This little algorithm is essencial for stochastic simulations where you need to make inferences from complex multidimensional probability density function which cannot be integrated algebraically.

Since its an iterative method it might be speeded up with Pyrex or inlining the loop in C with weave.

If anyone would like to try it please post the implementation.

Comments

  1. 1. At 8:40 p.m. on 3 may 2005, Douglas Bagnall said:

    speed. Before jumping to pyrex, you could move some unvarying calculations out of the loop, like so:

    sx = s1 * sd
sy = s2 * sd
rx = rho / s2
ry = rho / s1

for i in range(1,n):
  x[i] = normal(m1 + rx * (y[i-1] - m2), sx)
  y[i] = normal(m2 + ry * (x[i-1] - m1), sy)

    In any case, most of the work probably happens in normal(), whatever that is, and nothing in this script can change that.

  2. 2. At 6:18 a.m. on 5 may 2005, Flávio Codeço Coelho said:

    Thanks for the suggestion.

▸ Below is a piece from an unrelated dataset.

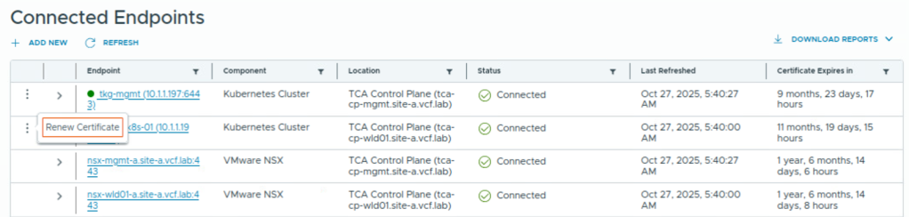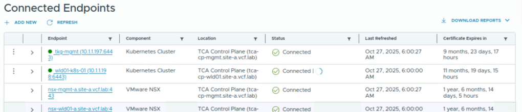 Broadcom addresses these challenges by providing endpoint connectivity, certificate observability and management functionalities within VMware Telco Cloud Platform. This enables CSPs to monitor connectivity with the integrated components and their certificates in real-time, ensuring their validity, proper deployment, and continued secure communication between systems. This level of visibility is essential for uninterrupted services, protection against breaches, and regulatory compliance. Furthermore, automated certificate renewals eliminate the risk of unnoticed expirations, maintaining a seamless security posture across the infrastructure.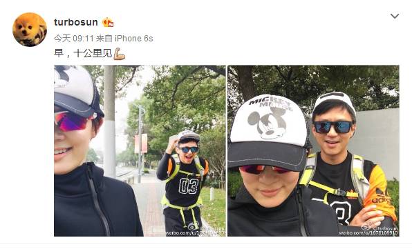 3月17日,孙俪在微博晒同邓超跑十公里的照片,并写道:“早,十公里见。”

Yes,

    Moving calculations out of the loop is basic. But answering to your question, Normal is a function from the Numeric module that draws a sample from a Normal distribution. It's probably C or Fortran code. So, apart from the function call overhead it must be pretty optimized already.

    In this first version of the recipe, I kept the calculations inside the loop to keep the specifications of the mean and standard deviations in one place (breaking up formulas makes it harder to figure out whats going on). But I'll run some tests to see what the speed improvement of moving these calculations out of the loop is and post back the results.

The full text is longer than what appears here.